Paris a nié, et les deux gouvernements semblent s’être entendus pour en rester là afin de ne pas alimenter une polémique qui pourrait être très embarrassante. C’est que la petite phrase du président soulève toute la question du rapport de l’Occident au financement du terrorisme.

L’argent arrive aux terroristes par différents circuits. L’un d’eux est la prise d’otages et les rançons versées pour leur libération. Selon plusieurs sources, la France a versé 58 millions depuis 2008 pour libérer ses ressortissants des mains d’Al-Qaïda au Maghreb. Cette façon de procéder irrite Barack Obama.

«Le président français dit que son pays ne paye pas de rançons aux terroristes, alors qu’en réalité, il le fait», a lancé le président américain. Les Américains, eux, ne paient pas, ce «qui fait que les ressortissants américains sont moins fréquemment pris en otages», a-t-il dit. Et lorsque c’est le cas, ils sont exécutés, comme le monde a pu le constater lors de la décapitation de deux journalistes américains par l’État islamique.

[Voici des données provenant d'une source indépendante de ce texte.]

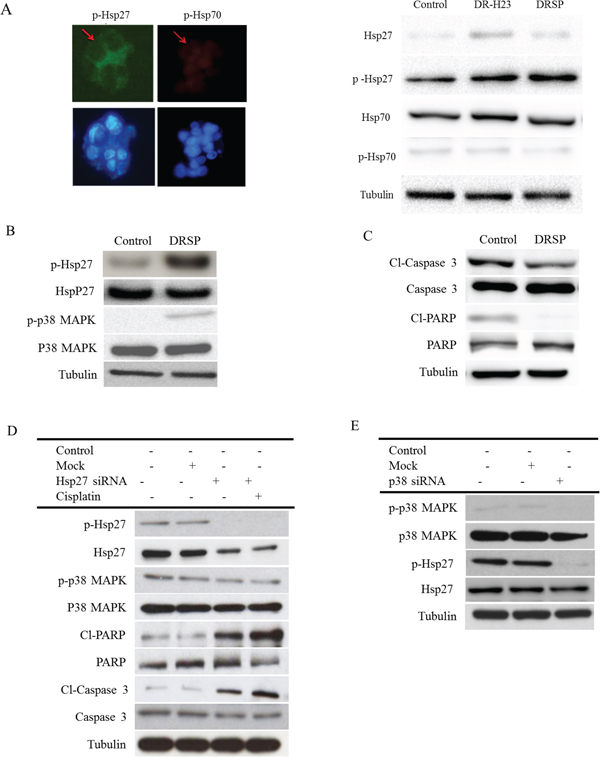 Because of the close relationship between chemoresistance and Hsps, especially Hsp27 and Hsp70, the two most important Hsps, we wondered which of these Hsps might be involved in our model of drug resistance and anti-apoptosis. Immunofluorescence and western blotting assays showed increased expression of p-Hsp27 compared with p-Hsp70. Western blotting showed no obvious differences in the expression of Hsp27 and Hsp70 between DRSPs and control cells (Figure 3A). Because the action of Hsp27 is initiated by p38 MAPK signaling-mediated phosphorylation [32], we measured the levels of p-Hsp27 and p38 in DRSPs. As shown in Figure 3B, the phosphorylation of Hsp27 and p38 was increased in DRSPs compared with control cells. However, expression of the downstream-related apoptotic proteins Cl-caspase 3 and Cl-PARP was markedly decreased in DRSPs (Figure 3C). Short interfering RNA (siRNA)-mediated repression of p-Hsp27 markedly reduced cisplatin resistance in DRSPs. Knockdown of Hsp27 expression induced the apoptosis of DRSPs, as shown by the activation of caspase 3 and PARP. Repression of Hsp27 did not affect the phosphorylation of p38 in DRSPs, which indicated a downstream role of Hsp27 in p38 MAPK signaling (Figure 3D). However, knockdown of p38 in DRSP cells decreased downstream p-Hsp27 expression and increased the resulting number of apoptotic events (Figure 3E). Collectively, the above results suggest that the cisplatin resistance of DRSPs results from the activation of the p38 MAPK–Hsp27 axis.
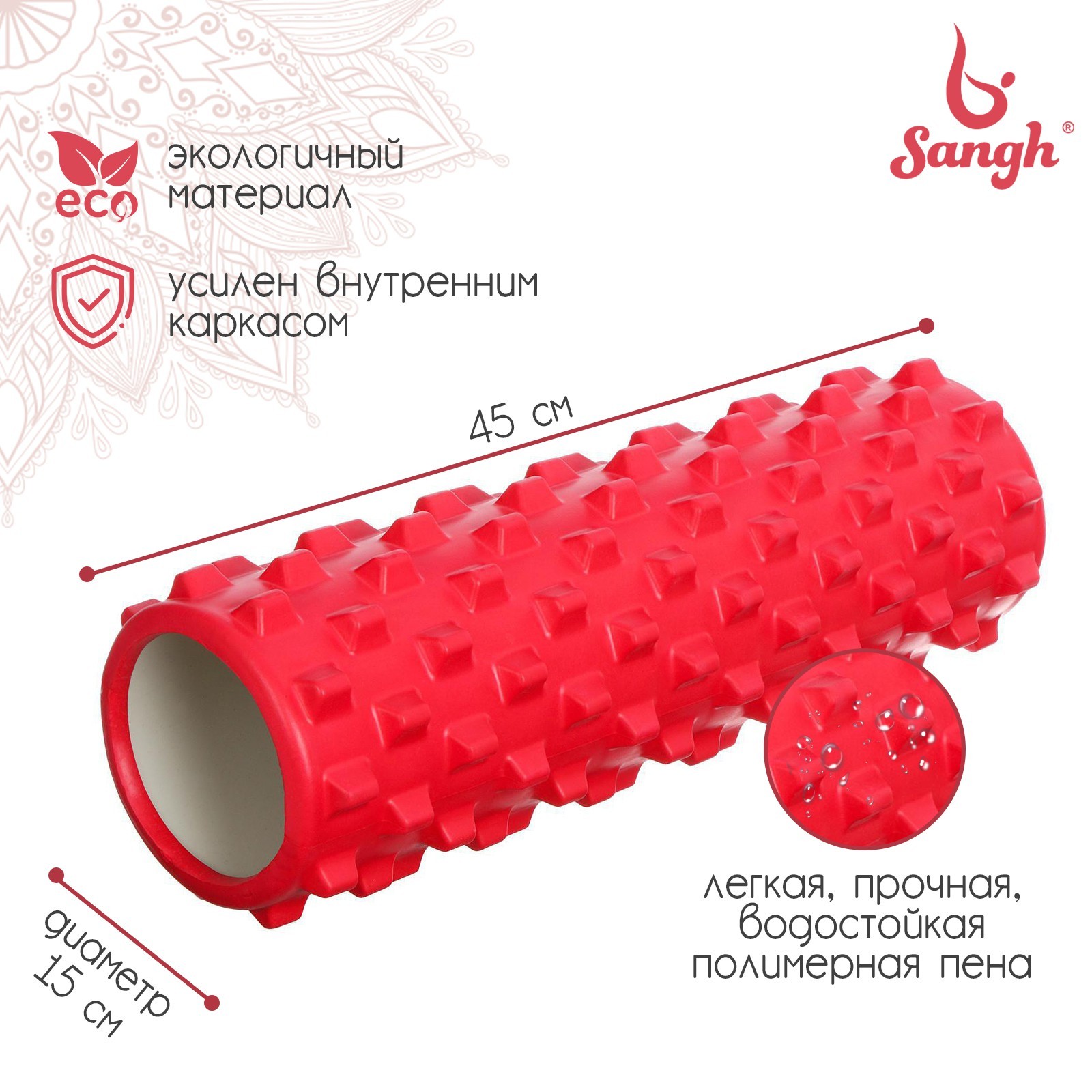 Ролик массажный sangh, 45х15, цвет красный. Роллер для йоги — спортивный инвентарь, который помогает настроить мышцы на работу перед тренировкой, удерживать правильное положение тела во время неё и ослабить боль в мышцах и суставах после. Параллельно способствует восстановлению всего организма. Ролик позволяет практиковать миофасциальное расслабление (МФР). Использование изделия становится доступной альтернативой массажной терапии. Цвет: Красный Вид: Ролики  развернуть описание ▼
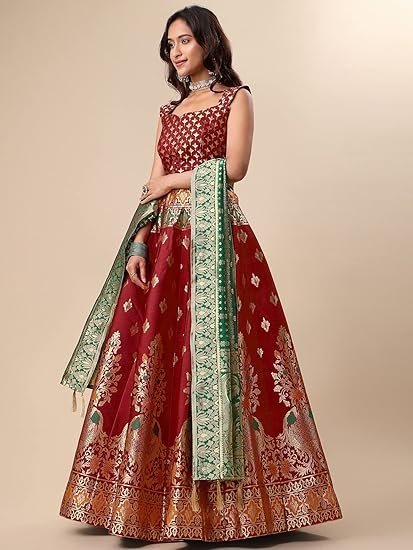 Women's Jacquard Semi-Stitched Lehenga choli(Indra)Women’s Jacquard Semi-Stitched Lehenga choli(Indra)
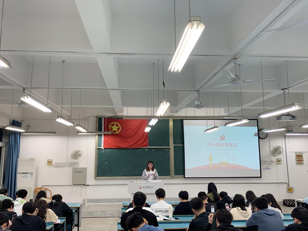 沈馨苑首先领学了《论中国共产党历史》部分章节的内容,胡蒙霞和程松波作为团员青年代表进行了发言。沈馨苑公布班级团员民主评议结果及团支部满意度测评情况后,对获评优秀团员的同学表示祝贺,鼓励同学们再接再厉。各团小组代表依次上台发言,对上一学期的工作做出总结以及对未来工作的计划和展望,也分享对党史的理解与感悟。最后,支部团员对支委会进行了满意度调查投票。学院团委委员沙凝对本次组织生活会进行总结点评,她号召大家积极向党组织靠拢,用实际行动践行初心和使命。

Les États-Unis ont-ils pour autant le monopole de la vertu? Un autre circuit d’alimentation des coffres des terroristes est l’aide officielle accordée à des groupes rebelles en Afrique ou au Proche-Orient. Mercredi, le Congrès a approuvé un plan d’aide aux rebelles syriens «modérés». Que veut dire au juste l’adjectif «modéré» ? Existe-t-il un étalon qui permettrait de mesurer cette modération? Est-on certain que cette aide ne sera pas détournée vers des groupes terroristes, comme cela a été le cas précédemment?

Rapport schizophrénique avec le terrorisme

Les États-Unis clament qu’ils ne financent aucun groupe terroriste. Ne manipule-t-on pas ici le vocabulaire? Ceux qui ont l’histoire en mémoire se rappelleront qu’il y a 30 ans, les rebelles en Afghanistan et au Nicaragua luttant contre les régimes prosoviétiques en place étaient qualifiés de «combattants de la liberté» et recevaient donc de généreux subsides. On a ensuite découvert qu’ils étaient nombreux à être des terroristes membres d’Al-Qaïda et du mouvement taliban ou des bandits et des tueurs liés aux Contras.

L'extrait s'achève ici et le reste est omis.